Chapter 16
Send in the Clones
(Elvis never sang or recorded the schmaltzy ballad “Send in the Clowns,” but he should have)
“I feel like a fraud,” Matt said, examining the vast white elephantine bulk of the Kingdome complex shining in the thin winter sunlight.
“You do have a radio show,” Temple pointed out. She locked the Storm and they started walking into Kingdome World.
“But not the kind of radio show that would ever welcome an Elvis imitator.”
“Not knowingly anyway,” Temple agreed.
“And what makes you think I could recognize a voice I heard only once among this horde of burning hunks of love.”
Temple paused to eye him. ” ‘This horde of burning hunks of love.’ That’s good.
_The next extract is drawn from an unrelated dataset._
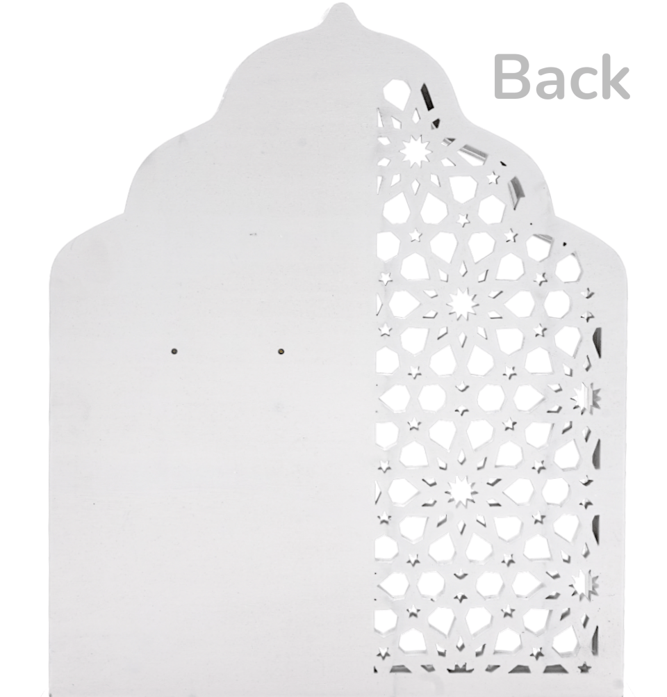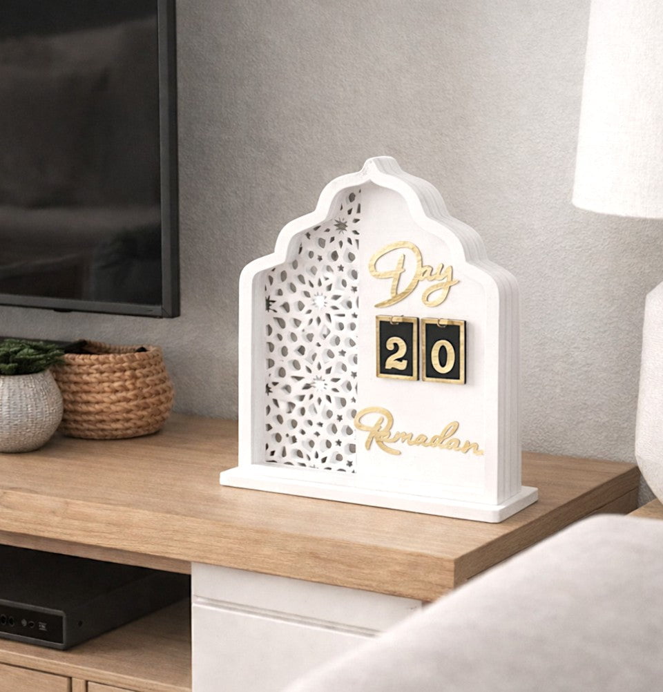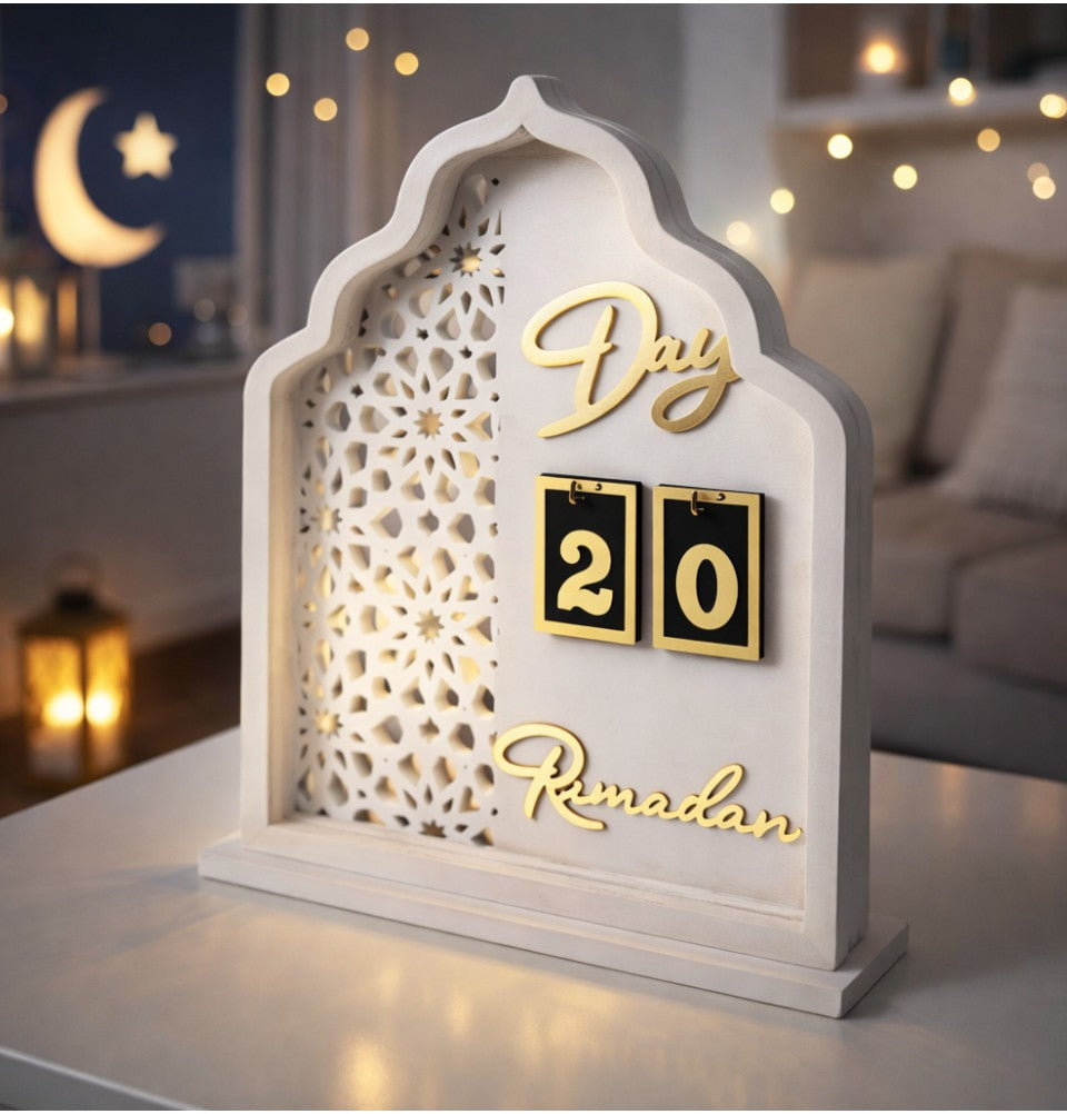 Celebrate the blessed month with timeless elegance. This beautifully crafted wooden calendar is designed to mark each day of Ramadan with intention and reflection. Featuring a mihrab-inspired silhouette, with a selcuk star pattern, with gold acrylic lettering and removable number tiles, it blends seamlessly into any home décor while creating a meaningful display for individuals and families alike. Perfect for shelves, mantels, or prayer spaces, this piece adds warmth and remembrance to be intentional throughout the holy month.

Very hip. You must have absorbed a lot from Electra’s Elvis books last night.”
“A lot and not enough. I’ve never glimpsed a more promising or a more poisoned life story before, not even in confession. These tell-all books do tell it all, don’t they?”
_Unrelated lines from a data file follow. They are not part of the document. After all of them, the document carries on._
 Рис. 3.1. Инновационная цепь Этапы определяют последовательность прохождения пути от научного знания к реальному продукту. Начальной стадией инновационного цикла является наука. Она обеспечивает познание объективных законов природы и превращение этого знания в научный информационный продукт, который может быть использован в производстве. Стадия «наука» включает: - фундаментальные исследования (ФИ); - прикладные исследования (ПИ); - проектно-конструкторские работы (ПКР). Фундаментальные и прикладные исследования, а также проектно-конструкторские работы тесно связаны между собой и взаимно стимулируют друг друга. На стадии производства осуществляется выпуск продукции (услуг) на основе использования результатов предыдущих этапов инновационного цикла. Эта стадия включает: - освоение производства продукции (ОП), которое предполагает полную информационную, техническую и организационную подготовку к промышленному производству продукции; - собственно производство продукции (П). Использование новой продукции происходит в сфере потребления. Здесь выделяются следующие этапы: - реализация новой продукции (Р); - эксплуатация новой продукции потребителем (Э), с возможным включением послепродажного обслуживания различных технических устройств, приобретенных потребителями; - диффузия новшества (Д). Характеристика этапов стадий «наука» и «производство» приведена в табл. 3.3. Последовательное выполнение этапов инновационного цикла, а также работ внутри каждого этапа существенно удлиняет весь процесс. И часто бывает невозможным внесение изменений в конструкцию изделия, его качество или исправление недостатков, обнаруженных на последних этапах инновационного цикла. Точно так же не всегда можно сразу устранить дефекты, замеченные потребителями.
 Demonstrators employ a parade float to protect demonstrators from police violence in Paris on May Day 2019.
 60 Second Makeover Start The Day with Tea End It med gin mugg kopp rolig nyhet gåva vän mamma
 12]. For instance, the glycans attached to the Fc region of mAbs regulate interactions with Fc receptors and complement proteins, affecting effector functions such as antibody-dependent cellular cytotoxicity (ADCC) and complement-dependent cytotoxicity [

“I don’t know. I never read them.”
“Virtuously indifferent to other people’s dirt, or just too busy?”
“A bit of both, I imagine. So Elvis’s private life was as spectacular as his public success, huh?”
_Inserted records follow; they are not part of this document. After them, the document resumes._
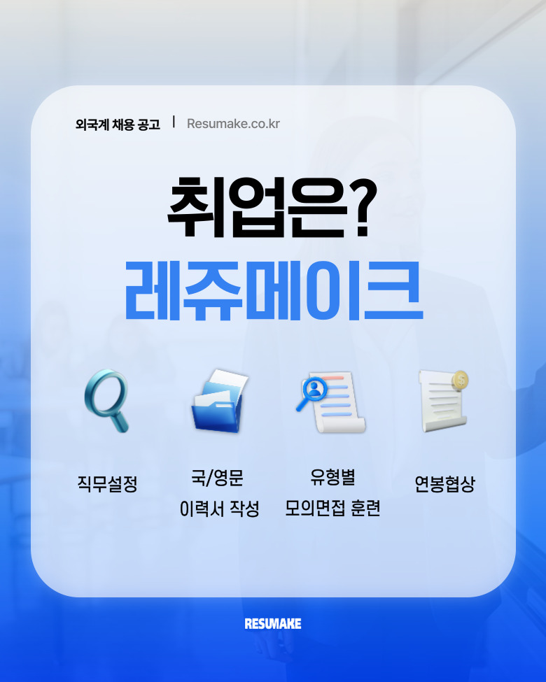 레쥬메이크에서는 수많은 유명 외국계 기업 합격자를 배출한 채용전문가가 당신의 가능성을 최대한 끌어올려드립니다.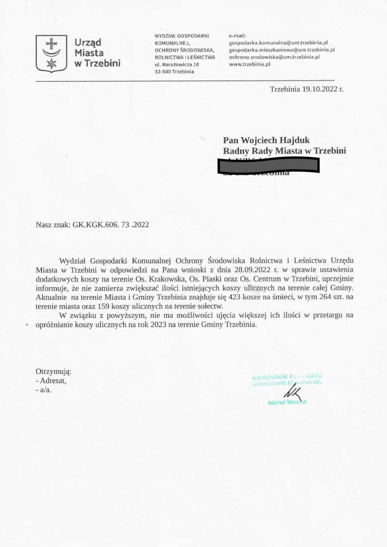Coraz częściej słyszę o potrzebie zwiększenia koszy na śmieci, zarówno w mieście, jak i w sołectwach trzebińskich. Z wnioskiem o ujęcie tego w nowym przetargu wystąpiłem do urzędu we wrześniu.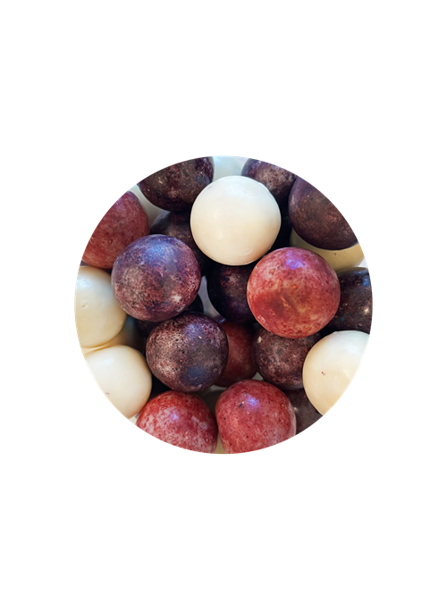 Bringebær med lakris: En spennende kombinasjon av syrlig bringebærsaus og flytende lakris, pakket inn i søt, hvit sjokolade.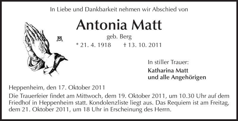 Hier finden Sie alle Traueranzeigen aus der Zeitung, die bisher für Antonia Matt erschienen sind. Weitere Traueranzeigen, die in der Zeitung erscheinen, werden hier ebenfalls aufgelistet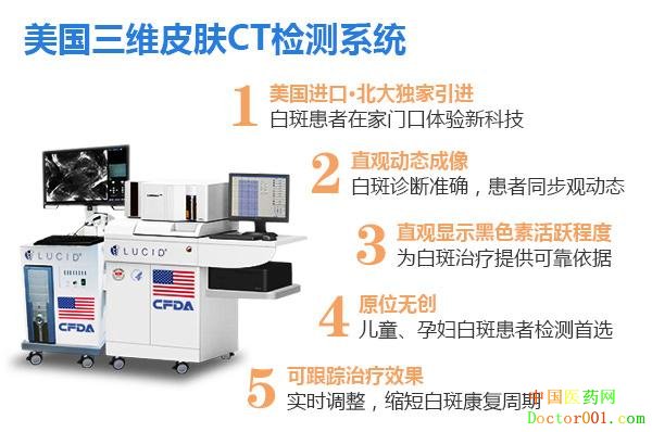 白斑标准检测—三维皮肤CT落户北大 作为安徽省老牌白癜风专业医院,合肥北大白癜风医院引进三维皮肤CT,基于光学聚焦原理,全面的检测皮肤的病变状况,三分钟了解皮肤白斑情况,科学评估白癜风病因、病情、病型,为患者做出准确的诊疗判断,进而针对病情制定适合的诊疗方案。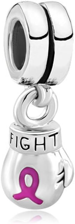 Pink Ribbon Charms for Bracelets Fight Breast Cancer Awareness Boxing Gloves Dangle Charm Beads Compatible with Pandora Bracelets for Women

“Both seem to have gone up and down. I can see why the mysteries of Elvis are so tantalizing…. What is that?”
Matt had stopped to stare at the four-story-tall tilted guitar in the Kingdome’s massive atrium. Heads could be seen zipping along the handle and strings while musical riffs boomed out from everywhere.
“It’s a slide. A guitar slide, get it? Popular with kids.”
“I guess making noise always is,” Matt shouted over the hullabaloo. “Are you sure I can use my radio show as a pretext to listening to various Elvis voices?”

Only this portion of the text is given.